Potamosilurus coatesi
- Conservation status: Data Deficient (IUCN 3.1)

Scientific classification
- Kingdom: Animalia
- Phylum: Chordata
- Class: Actinopterygii
- Order: Siluriformes
- Family: Ariidae
- Genus: Potamosilurus
- Species: P. coatesi
- Binomial name: Potamosilurus coatesi (Kailola, 1990)
- Synonyms: Arius coatesi Kailola, 1990; Neoarius coatesi Kailola, 1990;

= Potamosilurus coatesi =

- Authority: (Kailola, 1990)
- Conservation status: DD
- Synonyms: Arius coatesi Kailola, 1990, Neoarius coatesi Kailola, 1990

Species of fish

Potamosilurus coatesi, or Coates' catfish, is a species of catfish in the family Ariidae.

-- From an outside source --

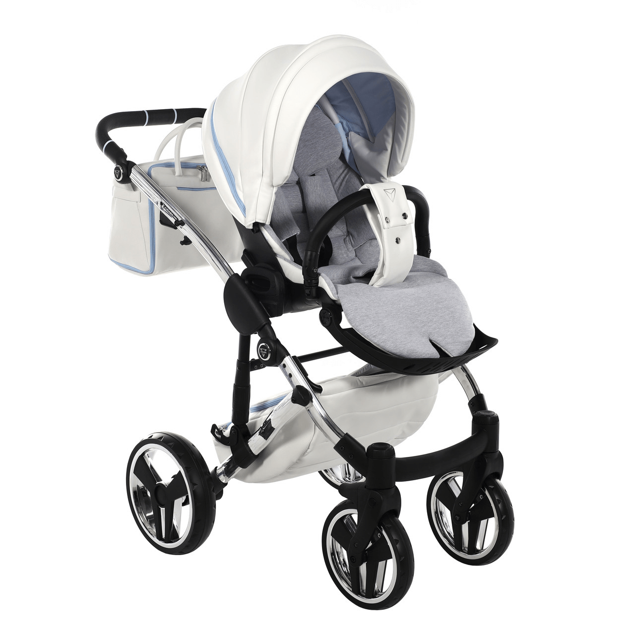Experience the perfect blend of style, comfort, and functionality with the Junama Diamond Candy Blue pram. This stunning pram boasts a sleek design featuring a white carrycot with a striking diamond pattern, complemented by a shimmering silver frame, silver wheel rims, and luxurious eco-leather detailing. The high-quality eco-leather hood is easy to clean, ensuring it stays looking fabulous throughout your adventures.

It was described by Patricia J. Kailola in 1990, originally under the genus Arius. It is endemic to Papua New Guinea, being only known from the Sepik and Ramu Rivers. It reaches a maximum standard length of 75 cm, more commonly reaching an SL of 45 cm. Its maximum known weight is 5 kg.

The diet of Potamosilurus coatesi includes Macrobrachium prawns, aquatic insects and worms, detritus, bark, seeds and bony fish such as Ophieleotris aporos. It has been recorded spawning all year round.